Je raconterai ailleurs comment les masses d’eau furent réunies
et conduites, à force d’art et de dépenses, dans les réservoirs du
parc de Versailles. Je dirai quels prodiges de science et d’habileté
durent être faits par les dévoués collaborateurs de Colbert pour
alimenter ces fontaines, dont une partie importante existe encore.
Cette gigantesque œuvre hydraulique était contestable en son prin-
cipe. Il eût mieux valu la créer en un autre endroit, où elle eût été
plus belle à moins de frais.

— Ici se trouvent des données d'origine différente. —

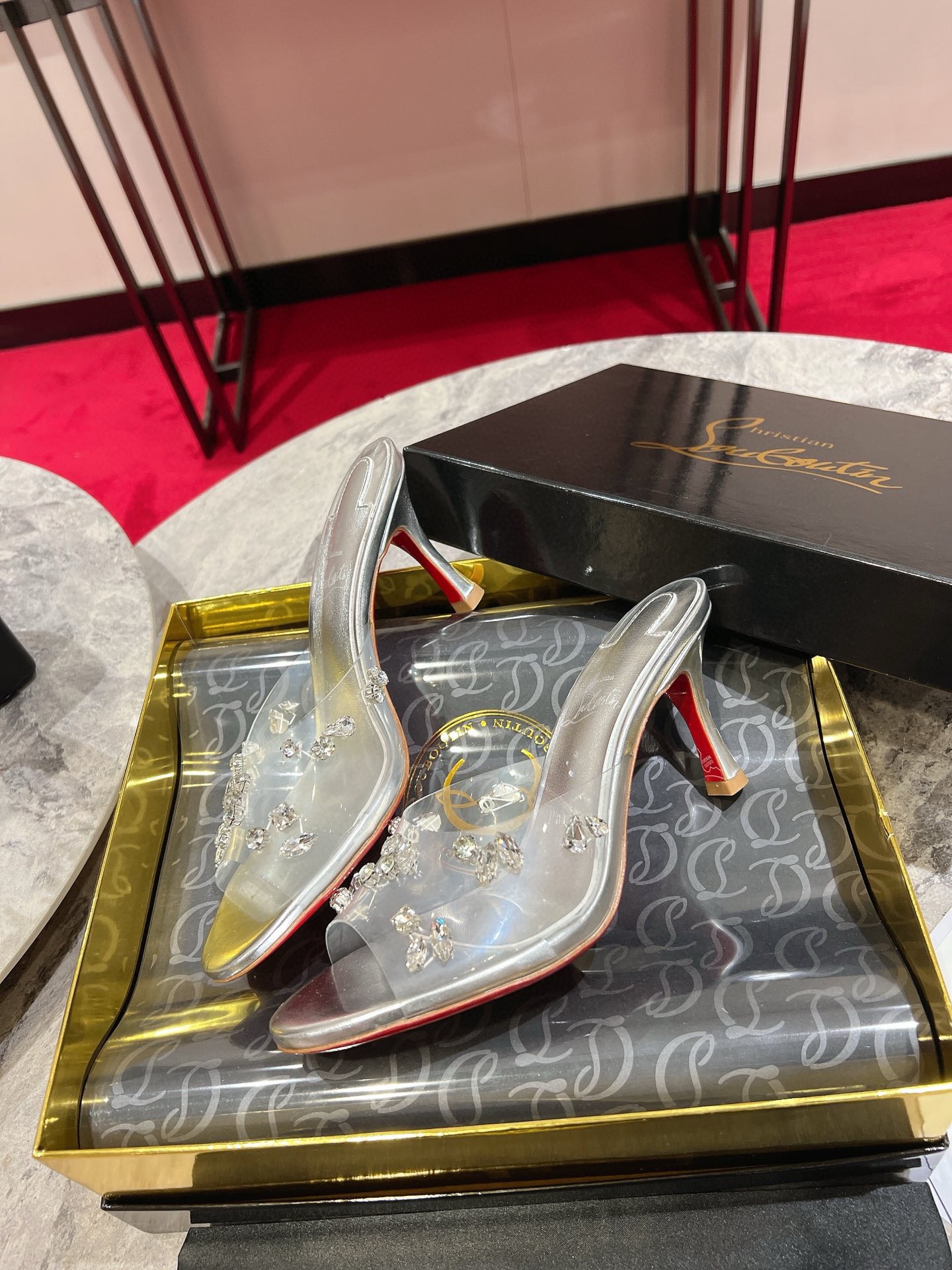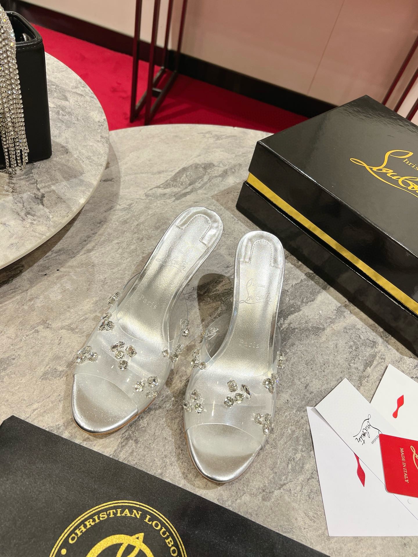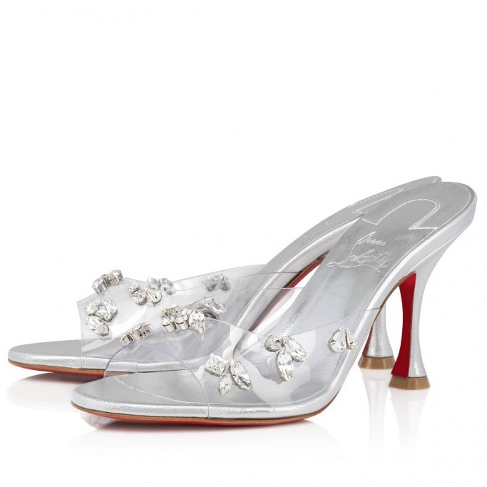 The tapered lines and daring low-cut vamp on the Degraqueen mule showcase Maison Christian Louboutin’s innovative creativity. This model in nappa leather features an 85 mm slanted heel. It is part of the Strass Up capsule and has a transparent PVC upper adorned with silver jewel-like strass for a sophisticated finish.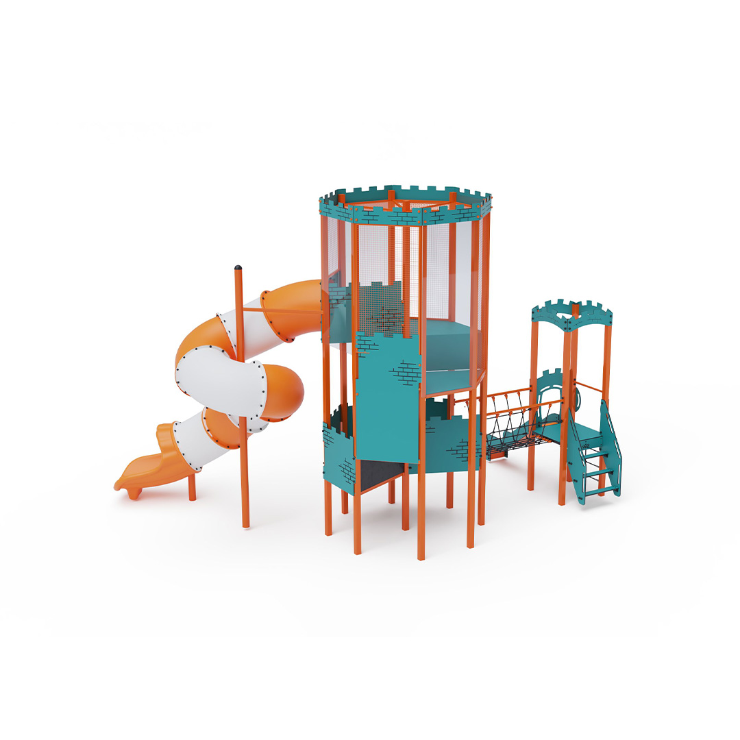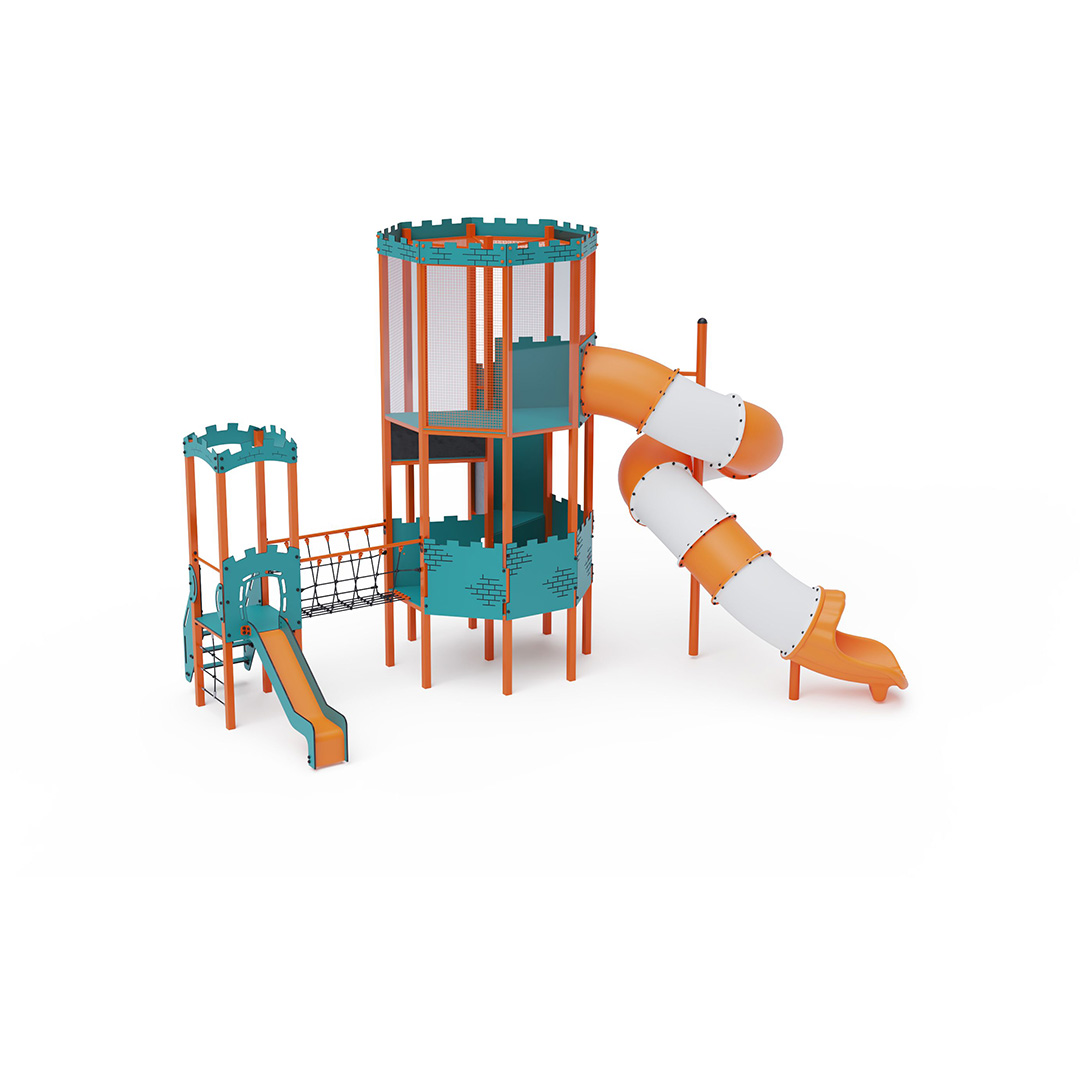 Két toronyból álló kombinált szett - egy torony, amelyen a gyerekek felmászhatnak a lépcsőn vagy kötélen mászhatnak, és lecsúszhatnak a csúszdán vagy szánkón. A türkiz-narancssárga dizájn messziről vonzza a gyerekeket a játékra. Az acélszerkezet időjárásálló a tűzihorganyzásnak és a tartós porfestésnek köszönhetően. A felhasznált HPL anyag kémiailag ellenálló, UV-sugárzásnak ellenálló - színtartó, nem mérgező, újrahasznosítható és törhetetlen.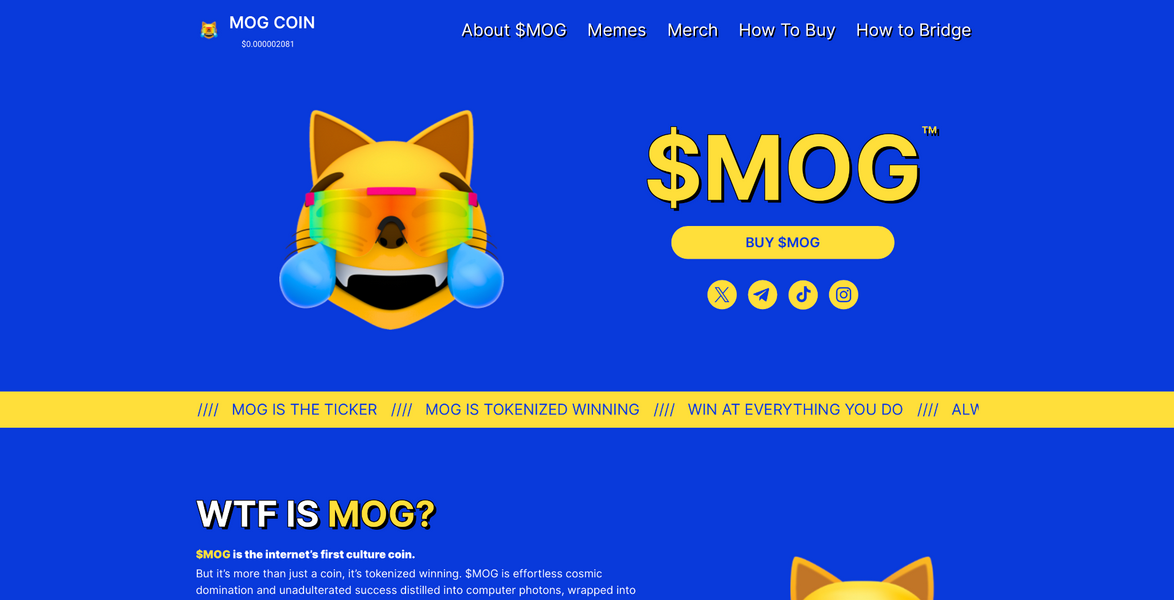 La mascotte di Mog Coin è un gatto che ride mentre guarda lo schermo. C’è persino un’emoji corrispondente che è diventata popolare tra i fan delle monete meme e la più ampia base di utenti di Internet.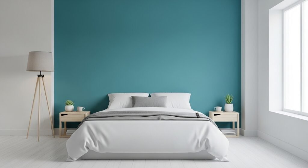 The beauty of this design lies in its versatility and simplicity. You can easily switch up the room’s mood by changing throw pillows, artwork, or decorative accessories. This is one of the most popular teal bedroom ideas because it offers maximum impact with minimal commitment, making it perfect for renters or those who like to refresh their decor regularly.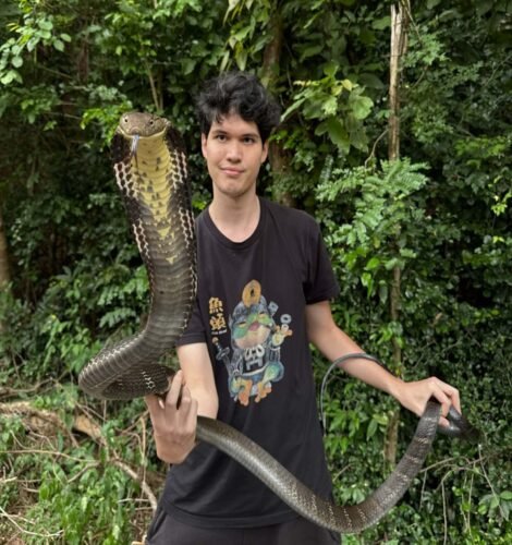 @chrisweeeet, un éleveur de reptiles mondialement reconnu pour sa relation unique avec les cobras royaux. Son regard, sa passion, et son approche respectueuse de la faune font de chaque sortie un moment rare et privilégié.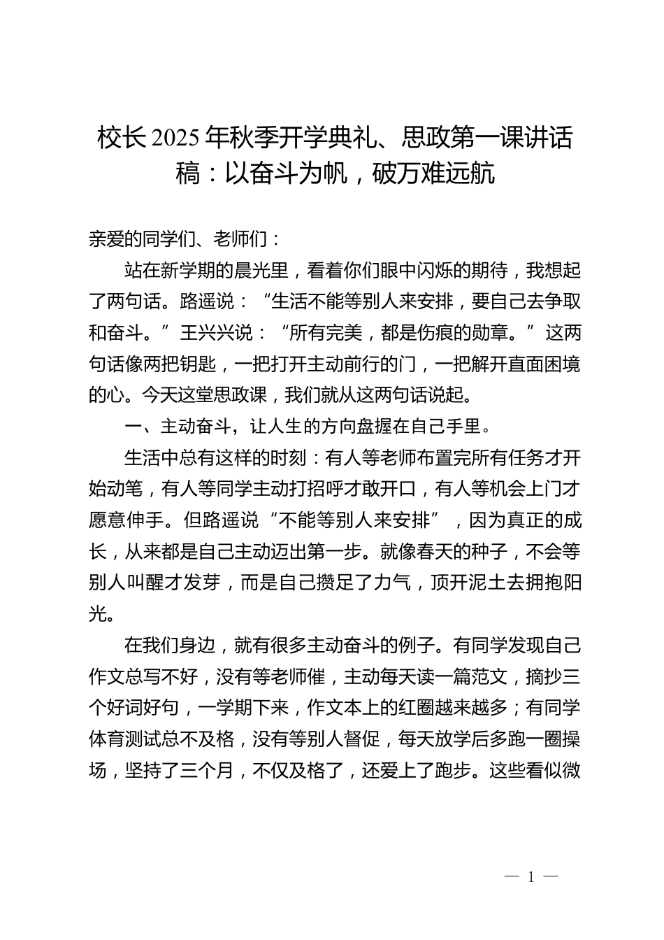 校長2025年秋季開學(xué)典禮、思政第一課講話稿:以奮斗為帆,破萬難遠航親愛的同學(xué)們、老師們:站在新學(xué)期的晨光里,看著你們眼中閃爍的期待,我想起了兩句話。路遙說:“生活不能等別人來安排,要自己去爭取和奮斗?!蓖跖d興說:“所有完美,都是傷痕的勛章?!边@兩句話像兩把鑰匙,一把打開主動前行的門,一把解開直面困境的心。今天這堂思政課,我們就從這兩句話說起。一、主動奮斗,讓人生的方向盤握在自己手里。生活中總有這樣的時刻:有人等老師布置完所有任務(wù)才開始動筆,有人等同學(xué)主動打招呼才敢開口,有人等機會上門才愿意伸手。但路遙說“不能等別人來安排”,因...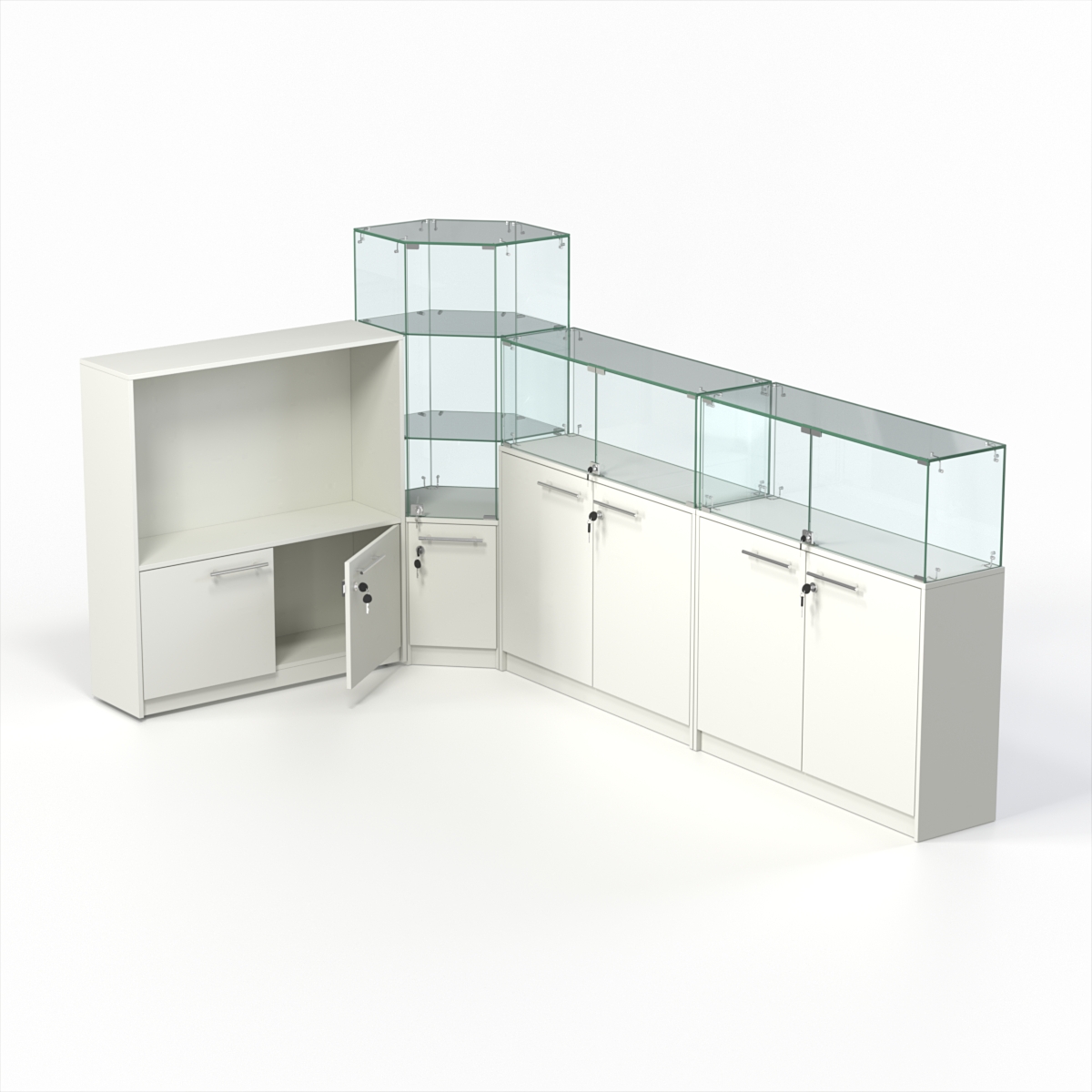 Комплект включает два прямоугольных прилавка, шестиугольный и закрытый прилавки.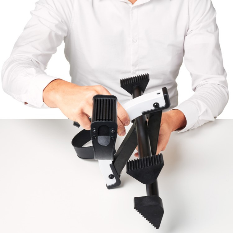 Tämä pieni polkulaite on helppo taittaa kokoon ja se vie vain vähän tilaa säilytyksessä. Paina jaloissa olevia hopeanvärisiä lukituspainikkeita jalkojen taittamiseksi sisään.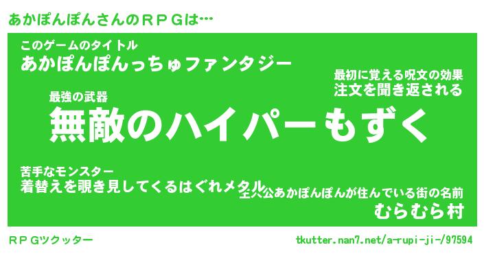 | 伝説のあだ名 | 『封印されし竜騎士あかぽんぽん』 |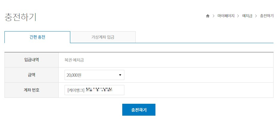 동행복권에서는 케이뱅크와 연계가 되어 간편 충전 기능을 제공하고 있는데요.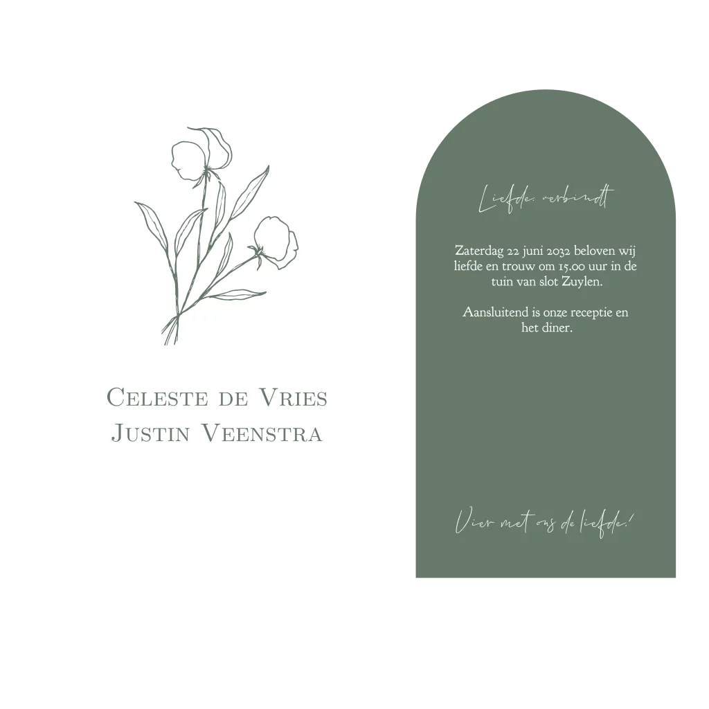 Stijlvolle insteekkaart olive green met ronde hoeken en outline bloem. In de grote kaart zitten 2 rechte stans gaten waar de kleine kaart doorheen gaat.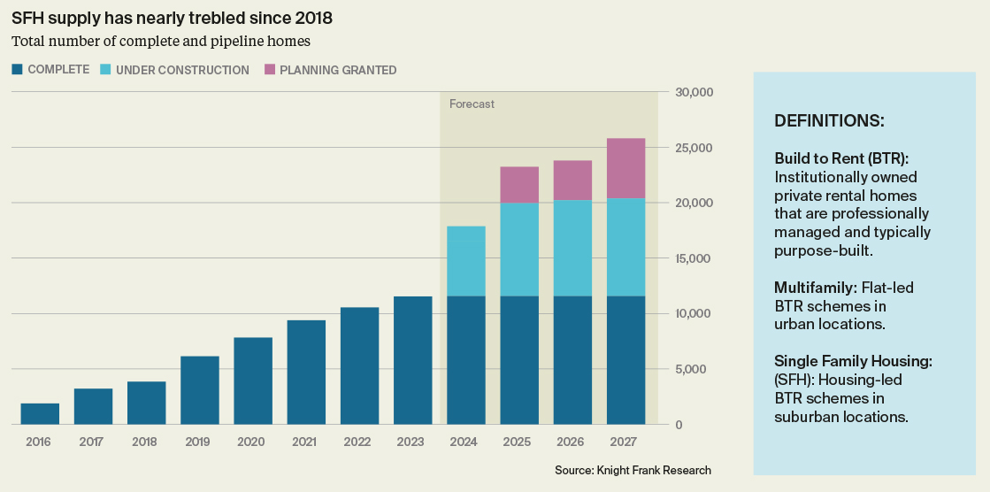 The total number of SFH units in the UK, either existing or proposed, is now just above 26,500, with 11,575 operational and a further 15,000 in the pipeline (under construction or with full planning). The total size of the SFH market, combining both operational homes and pipeline, has nearly trebled since 2018 demonstrating the appetite from developers, investors and lenders for the sector.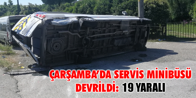 Çarşamba ilçesinde otomobille çarpışan servis minibüsünün devrilmesi sonucu 19 kişi yaralandı.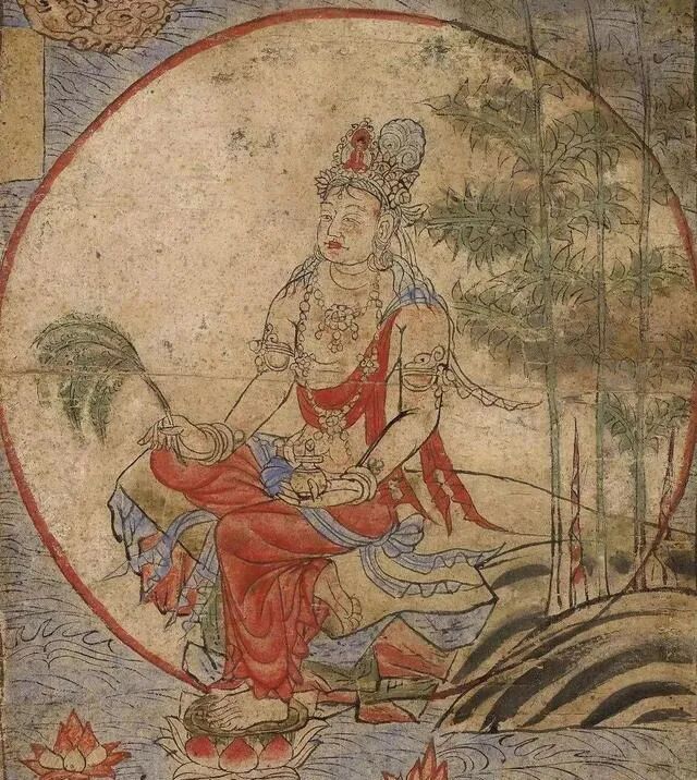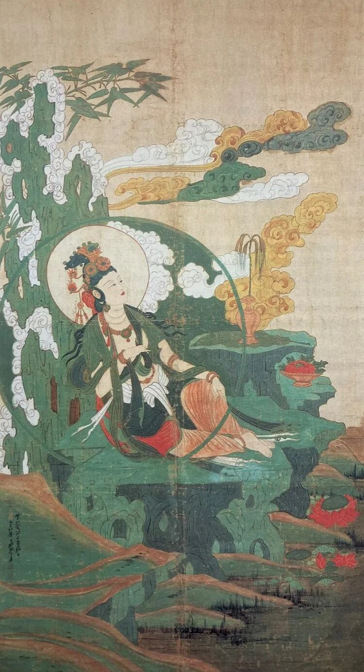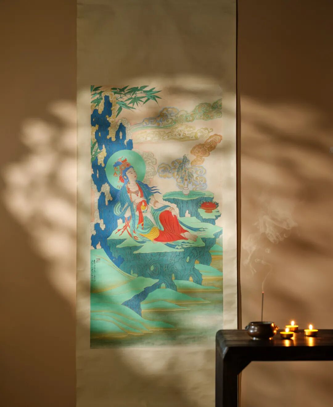 本幅工笔描金重彩,作于纸上,上世纪八、九十年代现身拍场后,睽违近三十年,方再释出,乃目前仅知张大千传世四幅临榆林窟西夏“水月观音”之一。

Un peu plus tard, Charles Perrault,
d’après des pages encore inédites de ses mémoires, proposait de la
transporter dans la vallée de Savigny, où les eaux réunies de la
rivière d'Orge et de la rivière d’Etampes eussent permis de créer,
« dans une des plus belles prairies du monde, la plus belle maison
royale qu'on puisse imaginer, ornée d’une infinité de fontaines ».
Louis XIV, après avoir hésité, paraît-il, persista à rester à Versailles.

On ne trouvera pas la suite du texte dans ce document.